We'll be at HHN this weekend. We'll going out Sat for a bit to mess around and get some diesel, but otherwise have some projects we'll be working on. Come on over to C dock and say hello. Boat name is also Paperbird. We can swap stories (lies) and compare notes.

best
greg


----------



## Net0man (Jun 3, 2013)

PaperBird,

It was great meeting and chatting with you briefly. You have a really nice boat. Is it a Morgan center cockpit? Anyway, my wife and I have planned for the Solomons trip and we are excited.  We will leave at sunrise so we have the day to get there. Happy fourth of July.

Tad


----------



## chrisd4700 (Sep 29, 2006)

Spring Cove is one of our all time favorite marina's. Trevor and Liz will give you top notch service. Their son Will is fantastic as well. The Calvert Marine Museum is a great place to visit. We are going back to Spring Cove in a few weeks. We come up from Lauderdale to stay there at least once a summer. You made a great choice. I visited Zanheiszer's and had dinner in the restaurant on someone's suggestion. Worst service I've ever received. The bartender talked on her cellphone the entire time we sat there. Anyway... Spring Cove it great. Visit the Tiki Hut and ask Drew to make you a Dark and Stormy. 
Have fun!
Chris D.
s/v Vacilando
Vacilando : A man, a woman, a dog, and a sailboat. Follow us as we write about hopes, dreams, love, travel, and life aboard Vacilando, our Cal 35.


----------



## arknoah (Oct 31, 2010)

You got recommendations on the two best marinas in Solomon's. I hope you like Spring Cove: it's where I get all my service done. Visiting wise, the Marina museum, Stoney's and Ruddy Duck are good places, as are the ice cream shop on the boardwalk and the boardwalk itself. I really don't like the atmosphere of the Tiki Bar and don't recommend it.


----------



## Net0man (Jun 3, 2013)

Good morning. We are at Spring Cove Marina and its a real nice place. Their staff are very helpful. The trip we had from Herrington Bay to Solomons was HELL. 

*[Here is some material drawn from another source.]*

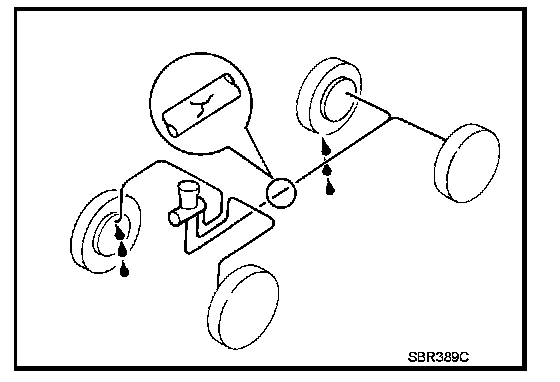 1. Check brake line (tubes and hoses) for cracks, deterioration or other damage. Replace any damaged parts.

My wife and I left our home dock at around 9:30 am. The wind from south was over 10 knots all day and the waves were from 2 to 5 feet. I think it was too much for our club boat 25 hunter. We had difficult time tacking and jibing. It took us 8 hours to sail to Kenwood Beach. We were exhausted and decided to fire up the boat's motor. We used the motor for 4 hours then we ran out of gas when we passed the Little Cove Point. 

Luckily we are insured with BoatUS. We called their towing service and had them tow us to finish the trip. The tow lasted 45 minutes. Hallelujah, we made the trip but we were in over our head when we planned the trip.

There were staff lend us an electrical cord because we didn't bring ours. They brought us a full 5 gallons gas can! We have a porta potty in the club boat and we couldn't figure how to take off the top half and remove the bottom from the floor. So, the staff volunteered to perform the task and showed me how to do it. He also poured out and washed out the bottom potty. Again, the Spring Cove Marina is awesome. We are very grateful that we made the trip safely and we have helpful people at the marina. 

My concern is about returning to our home dock tomorrow. I will need to study the wind forecast more closely. Is there a forecast for waves? We thought about making a stop on way back so we don't have to stretch ourselves to finish the LONG return trip. What marina do you recommend to stop for a night?


----------



## T37Chef (Oct 9, 2006)

Sounds like not much fun, consider getting to know the boat better before taking off on a few day cruise. (the fact that you didn't know how to clean the porta potty is a pretty good indicater  ) Always have an alternate plan. Sailing a boat you're not familiar with in those conditions yesterday that far was a bit foolish IMO. You put yourself and guest in an unnecessary circumstance, just something to think about next time. You want everyone to enjoy themselves.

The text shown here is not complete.